— Task —
From the data below, copy exactly the lines that lie between the one holding "- 【Large Capacity" and the one holding "Crafted from a", including both, and nothing more.

— Exercise inputs —
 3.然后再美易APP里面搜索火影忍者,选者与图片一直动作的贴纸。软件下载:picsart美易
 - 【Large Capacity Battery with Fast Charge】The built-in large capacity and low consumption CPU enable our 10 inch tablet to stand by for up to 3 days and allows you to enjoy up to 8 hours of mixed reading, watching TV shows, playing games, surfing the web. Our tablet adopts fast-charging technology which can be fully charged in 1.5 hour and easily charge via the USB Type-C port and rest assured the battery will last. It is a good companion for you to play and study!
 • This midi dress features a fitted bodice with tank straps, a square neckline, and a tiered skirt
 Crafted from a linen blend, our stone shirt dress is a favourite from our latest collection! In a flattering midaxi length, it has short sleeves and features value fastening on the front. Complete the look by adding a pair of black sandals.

---

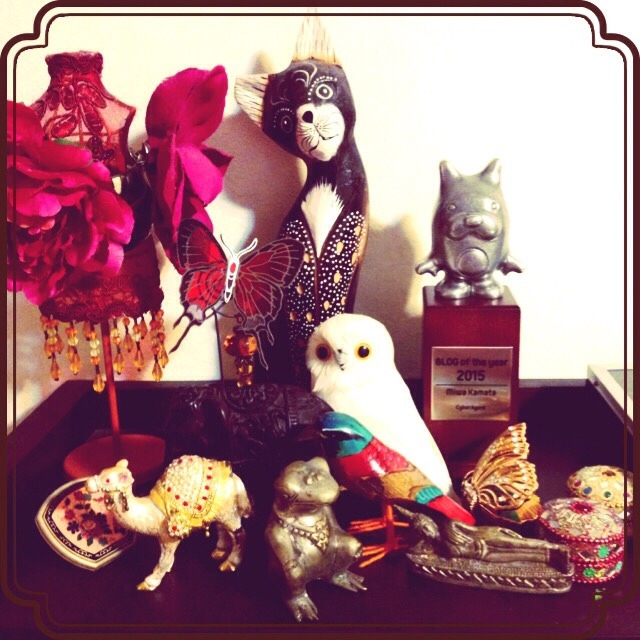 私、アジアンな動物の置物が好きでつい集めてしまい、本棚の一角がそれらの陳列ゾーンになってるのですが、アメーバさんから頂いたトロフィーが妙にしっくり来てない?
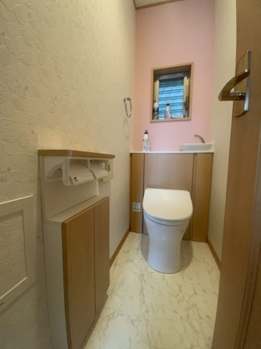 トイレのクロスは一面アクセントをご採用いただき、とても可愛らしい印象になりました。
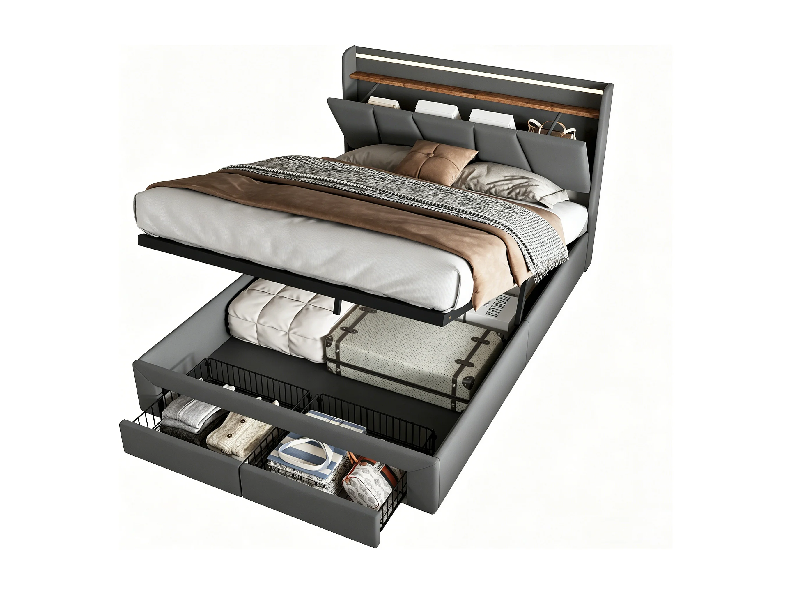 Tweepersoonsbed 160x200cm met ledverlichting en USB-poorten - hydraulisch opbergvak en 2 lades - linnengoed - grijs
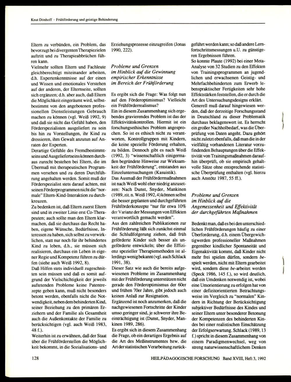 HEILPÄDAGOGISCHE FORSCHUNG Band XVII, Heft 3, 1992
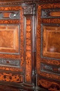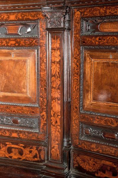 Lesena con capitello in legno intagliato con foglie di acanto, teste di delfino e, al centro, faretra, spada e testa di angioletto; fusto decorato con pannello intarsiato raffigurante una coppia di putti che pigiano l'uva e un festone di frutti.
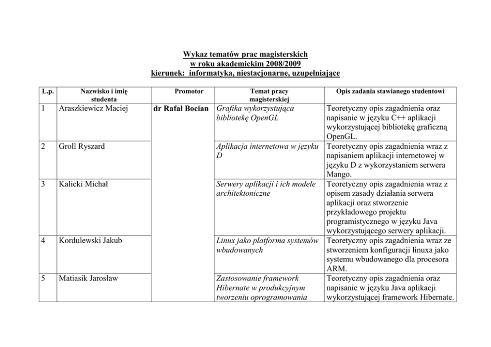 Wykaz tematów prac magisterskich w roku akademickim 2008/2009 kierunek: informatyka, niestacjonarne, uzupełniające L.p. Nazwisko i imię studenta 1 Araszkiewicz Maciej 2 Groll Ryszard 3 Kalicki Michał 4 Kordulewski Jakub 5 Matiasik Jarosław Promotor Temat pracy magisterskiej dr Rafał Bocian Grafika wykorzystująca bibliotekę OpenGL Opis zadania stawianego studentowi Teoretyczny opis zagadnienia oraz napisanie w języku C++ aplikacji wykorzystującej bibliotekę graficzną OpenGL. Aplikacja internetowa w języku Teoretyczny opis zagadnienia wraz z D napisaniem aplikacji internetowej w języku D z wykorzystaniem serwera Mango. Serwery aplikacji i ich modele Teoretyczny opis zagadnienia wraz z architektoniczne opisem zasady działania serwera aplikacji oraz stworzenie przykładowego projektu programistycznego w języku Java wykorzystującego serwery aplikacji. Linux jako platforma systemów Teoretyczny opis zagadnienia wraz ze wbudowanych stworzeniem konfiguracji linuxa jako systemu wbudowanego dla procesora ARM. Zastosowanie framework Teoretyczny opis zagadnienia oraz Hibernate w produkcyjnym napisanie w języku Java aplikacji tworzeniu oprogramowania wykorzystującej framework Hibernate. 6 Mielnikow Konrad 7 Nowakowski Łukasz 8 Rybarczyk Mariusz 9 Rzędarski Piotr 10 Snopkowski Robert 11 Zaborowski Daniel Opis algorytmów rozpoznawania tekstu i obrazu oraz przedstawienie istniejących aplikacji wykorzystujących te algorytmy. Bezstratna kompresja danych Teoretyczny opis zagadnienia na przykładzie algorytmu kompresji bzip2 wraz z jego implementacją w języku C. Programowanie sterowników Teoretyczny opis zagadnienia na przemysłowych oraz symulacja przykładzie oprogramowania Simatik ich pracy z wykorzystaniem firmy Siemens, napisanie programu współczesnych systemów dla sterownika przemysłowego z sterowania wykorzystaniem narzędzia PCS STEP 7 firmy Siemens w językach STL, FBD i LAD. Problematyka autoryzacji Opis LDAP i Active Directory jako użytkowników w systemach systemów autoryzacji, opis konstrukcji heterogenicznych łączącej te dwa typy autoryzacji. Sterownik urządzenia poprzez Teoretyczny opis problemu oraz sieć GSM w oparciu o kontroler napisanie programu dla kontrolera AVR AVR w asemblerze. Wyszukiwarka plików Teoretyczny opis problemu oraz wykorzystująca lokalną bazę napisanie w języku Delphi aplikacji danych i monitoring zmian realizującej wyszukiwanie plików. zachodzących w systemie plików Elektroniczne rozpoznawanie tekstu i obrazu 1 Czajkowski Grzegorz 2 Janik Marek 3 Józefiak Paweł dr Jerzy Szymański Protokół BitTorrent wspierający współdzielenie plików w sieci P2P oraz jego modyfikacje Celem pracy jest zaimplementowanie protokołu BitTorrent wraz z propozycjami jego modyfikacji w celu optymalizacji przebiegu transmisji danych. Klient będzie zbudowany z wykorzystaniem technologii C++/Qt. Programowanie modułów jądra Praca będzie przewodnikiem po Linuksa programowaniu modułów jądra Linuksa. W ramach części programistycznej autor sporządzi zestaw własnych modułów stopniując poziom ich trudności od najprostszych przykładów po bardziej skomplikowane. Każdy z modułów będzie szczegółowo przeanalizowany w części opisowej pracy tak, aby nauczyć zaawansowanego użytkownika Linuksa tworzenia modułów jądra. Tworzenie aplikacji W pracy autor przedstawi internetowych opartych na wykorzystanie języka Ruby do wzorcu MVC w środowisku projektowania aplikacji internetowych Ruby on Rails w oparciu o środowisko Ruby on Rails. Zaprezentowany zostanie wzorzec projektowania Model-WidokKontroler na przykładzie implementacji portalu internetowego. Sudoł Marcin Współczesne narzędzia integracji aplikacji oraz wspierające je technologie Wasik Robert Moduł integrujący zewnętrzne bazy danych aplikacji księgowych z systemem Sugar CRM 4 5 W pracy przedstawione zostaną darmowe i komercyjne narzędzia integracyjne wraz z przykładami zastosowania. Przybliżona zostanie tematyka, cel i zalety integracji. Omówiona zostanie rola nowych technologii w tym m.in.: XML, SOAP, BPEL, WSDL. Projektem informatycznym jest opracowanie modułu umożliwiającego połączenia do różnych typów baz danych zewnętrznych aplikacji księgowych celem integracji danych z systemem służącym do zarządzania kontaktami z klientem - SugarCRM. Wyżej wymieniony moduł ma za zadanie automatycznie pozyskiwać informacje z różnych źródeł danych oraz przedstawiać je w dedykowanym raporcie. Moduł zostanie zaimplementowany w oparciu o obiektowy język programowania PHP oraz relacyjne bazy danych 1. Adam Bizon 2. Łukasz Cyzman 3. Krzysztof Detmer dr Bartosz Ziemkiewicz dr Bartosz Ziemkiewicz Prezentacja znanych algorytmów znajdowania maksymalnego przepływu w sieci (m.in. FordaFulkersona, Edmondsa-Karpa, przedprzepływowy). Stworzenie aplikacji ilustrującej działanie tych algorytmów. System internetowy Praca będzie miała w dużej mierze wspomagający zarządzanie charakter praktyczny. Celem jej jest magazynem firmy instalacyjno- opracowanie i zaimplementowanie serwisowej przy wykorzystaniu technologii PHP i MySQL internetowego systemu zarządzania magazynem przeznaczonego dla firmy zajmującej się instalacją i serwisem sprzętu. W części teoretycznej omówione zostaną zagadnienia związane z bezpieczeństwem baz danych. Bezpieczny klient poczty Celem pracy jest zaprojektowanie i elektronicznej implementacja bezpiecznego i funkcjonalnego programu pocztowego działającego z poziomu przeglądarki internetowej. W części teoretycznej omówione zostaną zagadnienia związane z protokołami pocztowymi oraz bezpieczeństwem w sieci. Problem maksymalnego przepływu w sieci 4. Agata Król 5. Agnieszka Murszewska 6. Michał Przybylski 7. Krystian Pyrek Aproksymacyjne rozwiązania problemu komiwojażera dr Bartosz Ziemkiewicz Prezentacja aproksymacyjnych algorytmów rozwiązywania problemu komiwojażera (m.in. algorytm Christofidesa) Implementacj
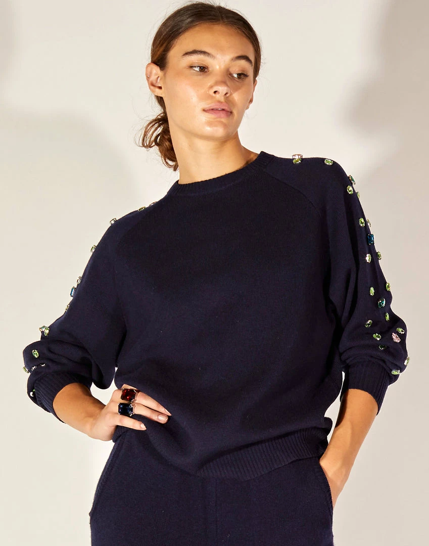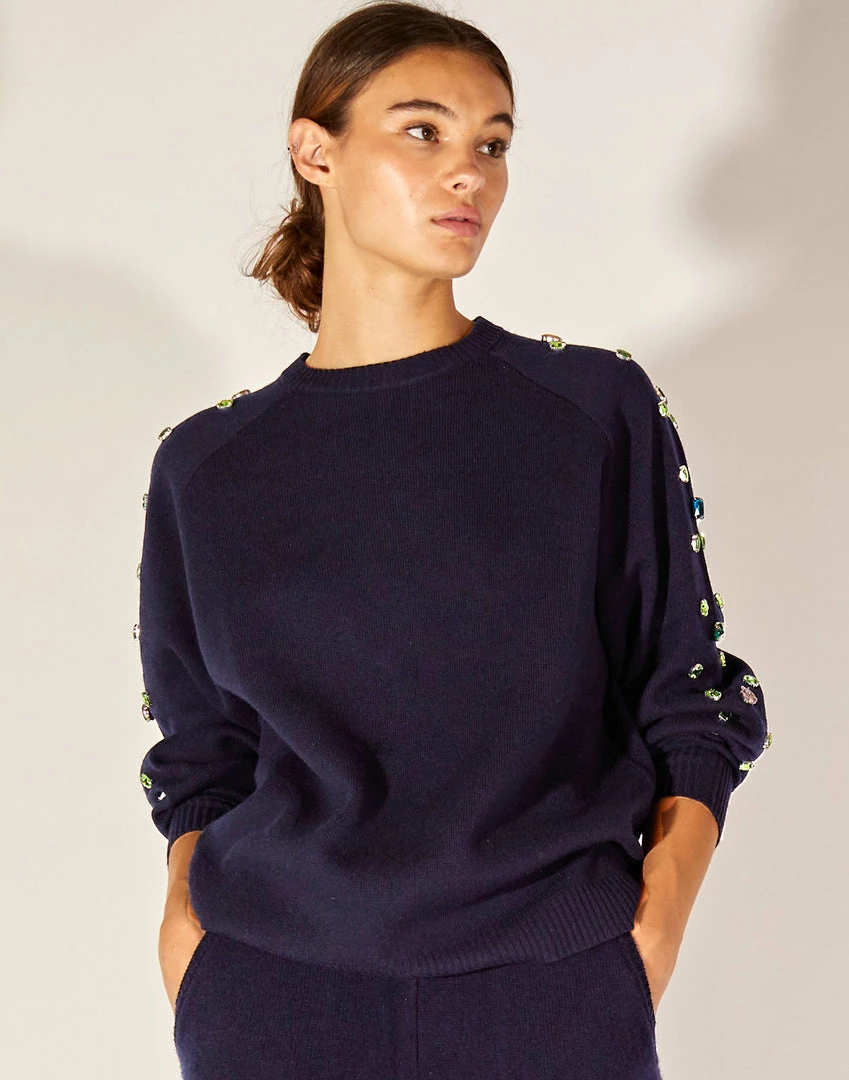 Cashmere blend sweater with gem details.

— Task response —
 - 【Large Capacity Battery with Fast Charge】The built-in large capacity and low consumption CPU enable our 10 inch tablet to stand by for up to 3 days and allows you to enjoy up to 8 hours of mixed reading, watching TV shows, playing games, surfing the web. Our tablet adopts fast-charging technology which can be fully charged in 1.5 hour and easily charge via the USB Type-C port and rest assured the battery will last. It is a good companion for you to play and study!
 • This midi dress features a fitted bodice with tank straps, a square neckline, and a tiered skirt
 Crafted from a linen blend, our stone shirt dress is a favourite from our latest collection! In a flattering midaxi length, it has short sleeves and features value fastening on the front. Complete the look by adding a pair of black sandals.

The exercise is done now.